David Mourão-Ferreira

 

 

Novamente de regresso e, resolvidos todos os problemas, deixo um abraço de saudade para estes dias de ausência. E agradeço, a todos aqueles que marcaram também, a sua presença na outra casa ( espero continuar a contar com a vossa presença lá...)

 

Um bom fim de semana cheio de Sol em todos os corações...

19.05.05

Hoje...


Otília Martel

 

...faz hoje cinco meses que este Blog nasceu.

Seria para mim uma alegria continuar nele, porque foi aqui que realmente me senti bem, que o vi ganhar uma dinâmica, que realmente nunca pensei que pudesse atingir, para além de que me ajudou a conhecer um pouco melhor este mundo virtual.

Aqui fiz amigos, aqui passei muitos serões embalada pelo sonho das palavras.

Mas as variadíssimas queixas em entrar neste Blog, para além da obstrução que o Sapo por vezes dá à sua utilização, fizeram que repensasse em utilizar outro servidor.

E aqui está a nova Eternamente Menina...voem até ela, por favor.

Espero que se sintam na nova casa tão bem, como aqui se sentiram

Não fecharei esta casa ficará para memória futura.

Um abraço a todos e obrigada pelo vosso carinho e companhia.

15.05.05

Momentos


Otília Martel

abstracto_Riscos TCA

 Riscos de  TCA

 

 

A música é algo que me completa. Há temas musicais que lidam comigo, muito melhor que muitas pessoas e, me devolvem muito daquilo que o meu corpo e espírito necessita.

Vem isto a propósito, uma cena que presenciei há dias, junto à Igreja do Carmo, na minha já habitual passagem diária.

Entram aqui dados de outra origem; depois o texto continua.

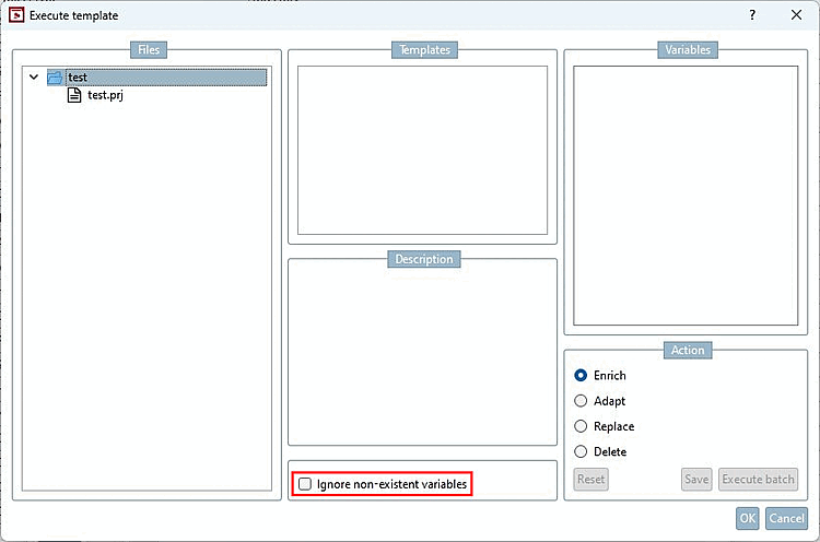 There is a new option Ignore non-existent variables on the Execute template dialog page. If the option is activated, only variables that actually exist in the project are assigned to the classification.

Um casal de jovens encontrava-se sentado nos degraus da Igreja; mochilas pousadas no chão, estojo de um instrumento musical pousado ao lado. Chamou-me a atenção, pela forma curiosa que olhavam cada um que passava. Continuei o meu caminho, mas ao chegar à curva, um som fez-me parar. Por instantes, detive-me a ouvir de que local viria o som, até que compreendi que vinha do jovem casal, que já não visualizava, na curva da Igreja.

Voltei atrás e fiquei ali. Não conhecia a música, nem me lembro de a ter ouvido alguma vez, mas a sua harmonia, percorreu todas as células do meu corpo.

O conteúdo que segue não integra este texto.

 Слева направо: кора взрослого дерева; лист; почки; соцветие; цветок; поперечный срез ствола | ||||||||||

E ficámos ali. Ele a tocar. Ela a olhá-lo, carinhosamente. Eu encostada à parede a ouvi-lo tocar.

Não sei quanto tempo passou, mas a música chegava a comover. Fechei os olhos e deixei-me estar ali, esquecida de tudo. Quando a música parou, olhei em volta: dois estudantes de arte, sentados no chão, desenhavam o jovem tocador. A jovem sorria timidamente. Retribui-lhe o sorriso e segui o meu caminho.

Há momentos mágicos, que nunca poderão ser transcritos completamente.

 

Naquele dia, vivi um desses momentos.

 

Saxofone_TCA

 

14.05.05

Há noites...


Otília Martel

 Imagem Google

 


 

Há noites que são feitas dos rneus braços
E um silêncio comum às violetas.
E há sete luas que são sete traços
De sete noites que nunca forarn feitas.

Há noites que levarnos à cintura
Como um cinto de grandes borboletas.
E um risco a sangue na nossa carne escura
Duma espada à bainha dum cometa.

Há noites que nos deixam para trás
Enrolados no nosso desencanto
E cisnes brancos que só são iguais
A mais longínqua onda do seu canto.

Há noites que nos levam para onde
O fantasma de nos fica mais perto;
E é sempre a nossa voz que nos responde
E só o nosso nome estava certo.

Há noites que são lírios e são feras
E a nossa exactidão de rosa vil
Reconcilia no frio das esferas
Os astros que se olham de perfil.


(Natália Correia)
12.05.05

Das minhas memórias...


Otília Martel
 

Imagem daqui

 

 

Caso tenhas saudades de mim, olha as estrelas.

 

Lembra-te do meu sorriso. Olha o sol, vê nele o brilho do meu olhar, quando te via.

 

Por fim, quando vires o pôr-do-sol, lembra-te da despedida que não tivemos!

 

Se este pôr-do-sol vier acompanhado de uma chuva leve lembra-te então das minhas lágrimas num dia de chuva, que lavaram a minha alma, e levaram um amor, sincero e puro.

 

Quando vires nascer este mesmo sol, e um novo dia começar, lembra-te também, que tudo que renasce, vem com mais força. Se algum dia tiveres vontade de chorar, lembra-te das minhas lágrimas, da minha mágoa e do meu imenso amor.

 

Pensamentos confusos sim, vão surgir!

 

Saudades, também!

 

Porque elas não são presente; mas são a prova que fomos felizes e que foi realmente lindo tudo o que vivemos e tivemos.

 

Então sorri e lembra-te que a nossa história ficou escrita nos nossos corações. E, quando as lembranças resistirem e se recusarem em ir, vê nascer o pôr-do-sol, imagina a beleza que foi o nosso amor.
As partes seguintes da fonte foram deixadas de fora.